As shown in FIG. 1O, a non-offset structure M I S F E T Q I in which information is written is formed. That is, information is written.

After the information writing step shown in FIG. 1O, a passivation film is formed in the same manner as in the embodiment (2), thereby completing the mask ROM of the present embodiment (2).

The invention made by the present inventor has been specifically explained above based on the above embodiments, but the present invention is as follows.

It goes without saying that the embodiments are not limited to the embodiments described above, and that various modifications can be made without departing from the spirit of the embodiments.

For example, the present invention can be applied to a mask ROM using a p-channel MTS FET as a memory cell.

〔Effect of the invention〕

As explained above, the effects obtained by one of the representative inventions disclosed in this application will be briefly explained as follows.
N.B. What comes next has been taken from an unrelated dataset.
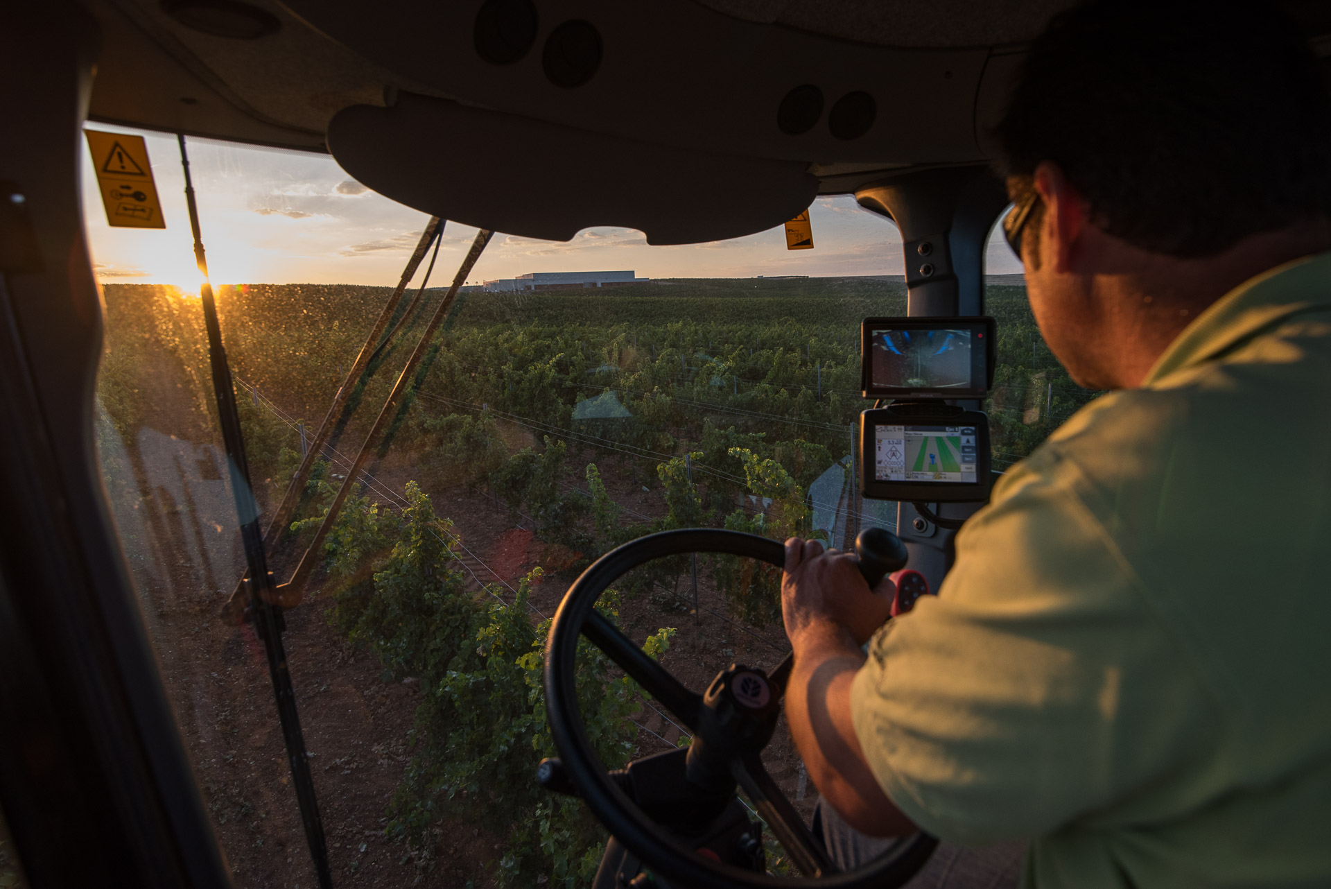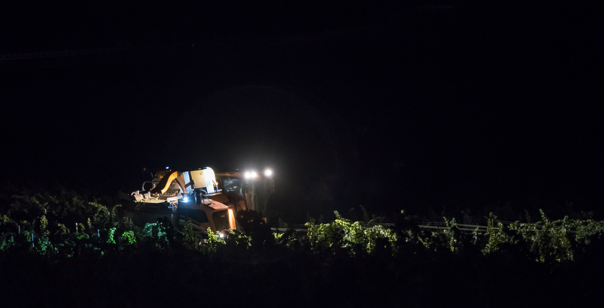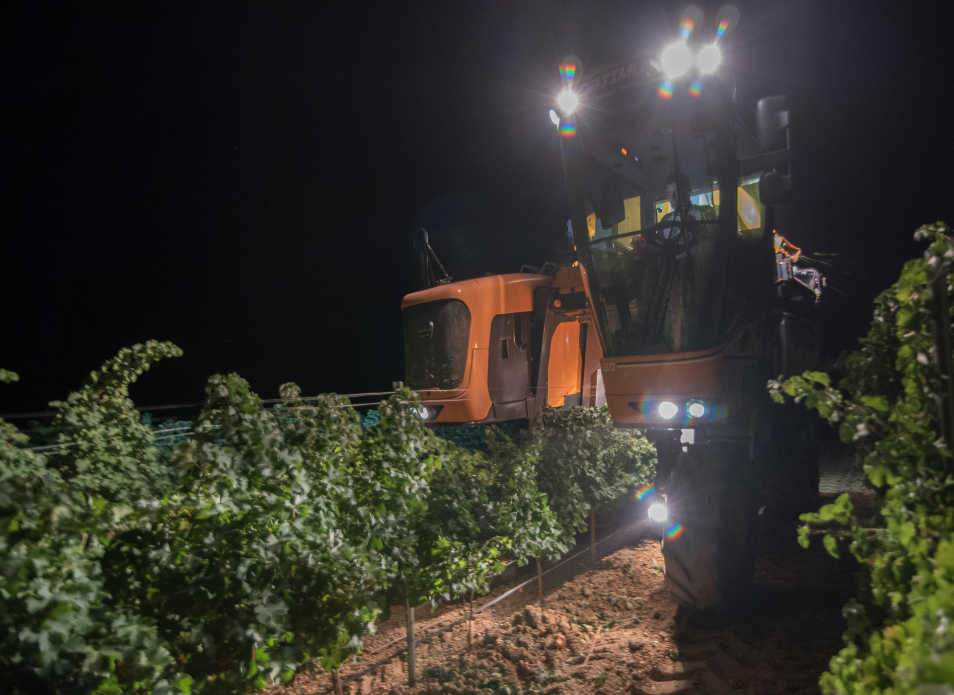 Un operario experto maneja la vendimiadora. Lo hará durante toda la noche.

In the mask ROM, the MlSFE of Offcella 1 ~ structure
Forming a memory cell made of T, doping impurities into the offset portion of a predetermined memory cell among the memory cells,
By writing information by forming a memory cell that does not have an offset structure, it is possible to write information at the final stage of the manufacturing process after forming the memory cell. Since the impurity for writing information is introduced into the offset portion without passing through the electrode, the impurity can be introduced with low energy. This low-energy introduction can reduce the size of the ion implantation device, shorten the impurity introduction time, and reduce crystal defects.
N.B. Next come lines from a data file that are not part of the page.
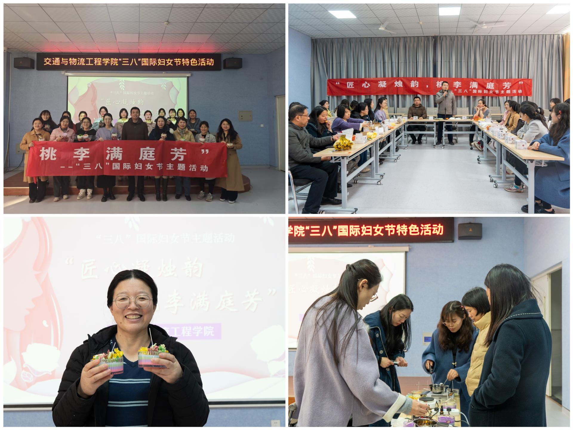 交通与物流工程学院举办“匠心凝烛韵,桃李满庭芳”活动。学院党委书记李保宏向全体女教职工献上真挚的节日祝福,他高度赞扬了女教职工们巾帼不让须眉之姿,用坚毅与卓越的态度,在教学、科研、管理等多领域取得亮眼的成绩,为推动学院发展提供强劲动力。女教职工围绕“快乐工作、乐享生活、关注健康” 踊跃展开交流分享,畅谈对生活和工作的独到感悟,并亲手制作香薰蜡烛,为自己送上一份饱含心意的节日祝福。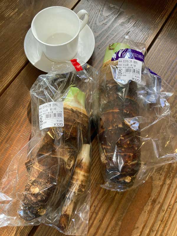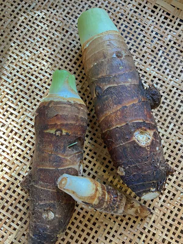 たけのこ芋は京いもとも呼ばれ、里芋の親芋を食べる品種。この日売られていたのは小さかったのですが、大きいのは直径5センチ長さ30センチくらいあります。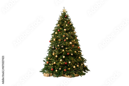 Large Christmas tree with mixed ornaments warm string lights golden star topper, isolated on a transparent background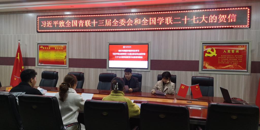 为深入学习贯彻习近平总书记贺信和党中央致词精神,全面贯彻落实全国学联二十七大提出的工作部署和任务,11月19日下午,云顶国际vip.888研究生召开学习习近平致全国青联十三届全委会和全国学联二十七大的贺信暨党中央致辞专题会。本次会议由研究生工作秘书陈楠主持,研究生分会工作人员参会。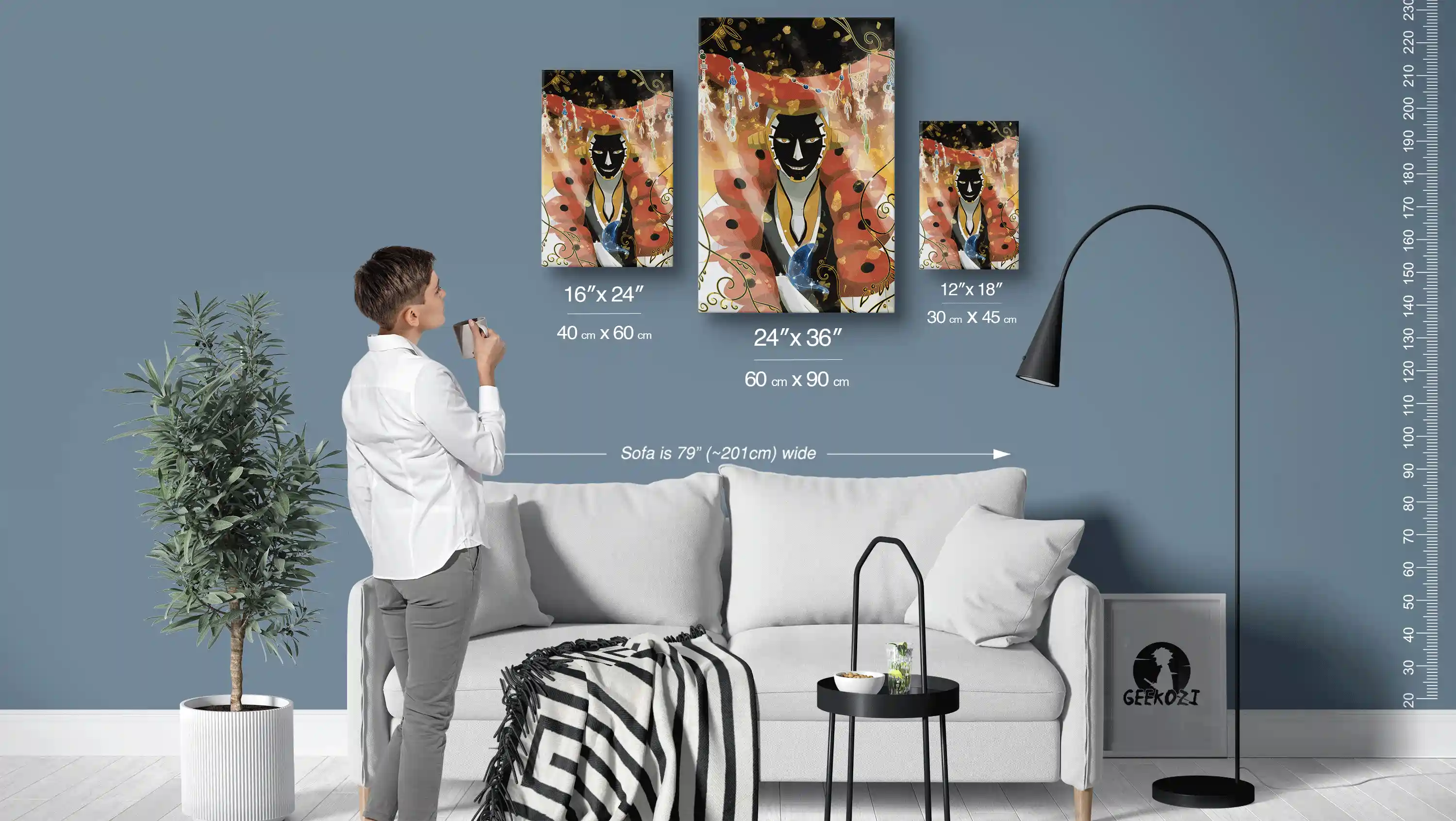The Eccentric Masked Gaze captures attention with its striking design, and it’s available in three panel sizes: 12″×18″ (30×45 cm), 16″×24″ (40×60 cm), and 24″×36″ (60×90 cm). To help you visualize its impact, the sofa in the image above measures 79 inches wide, giving you a reference for scale. For a cozy vibe on smaller surfaces like desks or bookshelves, the 12″×18″ size works perfectly. If you’re looking to make a bold statement on a feature wall, consider opting for the larger 24″×36″ option. Each size adds a unique touch, allowing you to create the atmosphere you desire.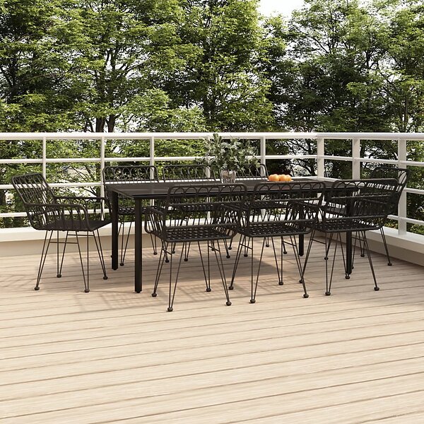 vidaXL Matgrupp för trädgården 9 delar svart konstrotting 3157872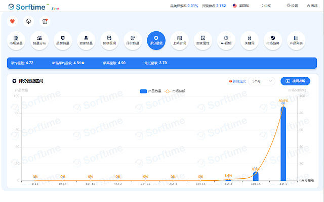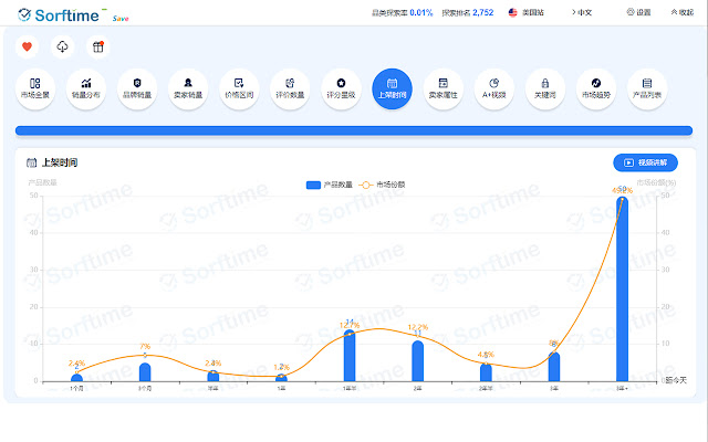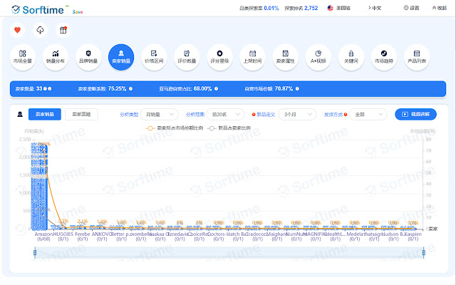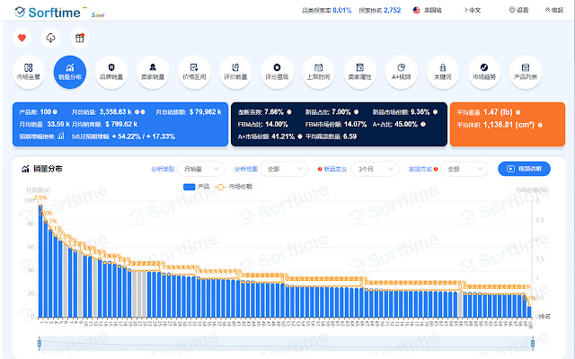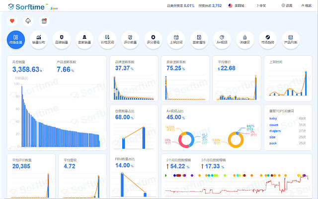 Sorftime Save 辅助亚马逊卖家产品调研及运营。10大图表直观展示类目产品销量、新品、市场竞争垄断性及售后风险等。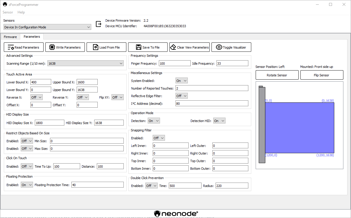 The visualizer displays the Touch Active Area in relation to the sensor and it's position, updating automatically as the parameter values are changed. The position of the sensor and its orientation can be changed by using the buttons above the visualizer area.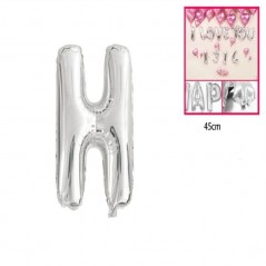 Globo de foil en forma de letra H de color plata. Resistente y reutilizable, apto para aire, adhesivos y auto cierre incluidos.

[BRIEF DESCRIPTION OF THE DRAWINGS] FIG. 1 is a plan view of a main part of a memory cell array of a mask ROM which is Embodiment I of the present invention. FIG. 2 is a sectional view taken along the line ■-11 in FIG. 3 to 6 are cross-sectional views for each manufacturing process of a mask ROM that is an embodiment (2) of the present invention, and FIGS. 7 to 10 are sectional views for each manufacturing process of a mask ROM that is an embodiment (2) of the present invention. It is a sectional view for each process. In the figure, 1... semiconductor substrate, 2... field insulating film, 3... channel stopper region, 4... gate insulating film, 5... gate flttii, 6... source region or drain region , 6A, 6B... semiconductor region, 7.
...Interlayer insulating film. 9... Source line, data line, 10.12... Impurity introduction mask, QI, Q2. Q3...MISFET.

Claims (1)

[Claims] 1. A method for manufacturing a semiconductor integrated circuit device with a non-volatile memory function in which a memory cell is configured by MISFET, comprising:
forming the memory cell in an offset structure having an offset portion in which a source region or a drain region and a gate electrode are separated from each other; 1. A method of manufacturing a semiconductor integrated circuit device, comprising the step of introducing an impurity of the same conductivity type as a drain region to form a memory cell that does not have an offset structure. 2. The source region or drain region of the memory cell having the offset structure is formed by forming a gate electrode, then forming an impurity introduction mask that covers the gate electrode, and introducing an impurity using this mask. A method for manufacturing a semiconductor integrated circuit device according to claim 1, characterized in that: 3. The source region or drain region of the memory cell having the offset structure is formed by forming a gate electrode, forming an impurity introduction mask on the side of the gate electrode, and introducing impurities using this mask. A method for manufacturing a semiconductor integrated circuit device according to claim 1. 4. The method of manufacturing a semiconductor integrated circuit device according to claim 1, wherein the impurity is introduced into the offset portion after forming a data line connected to a memory cell.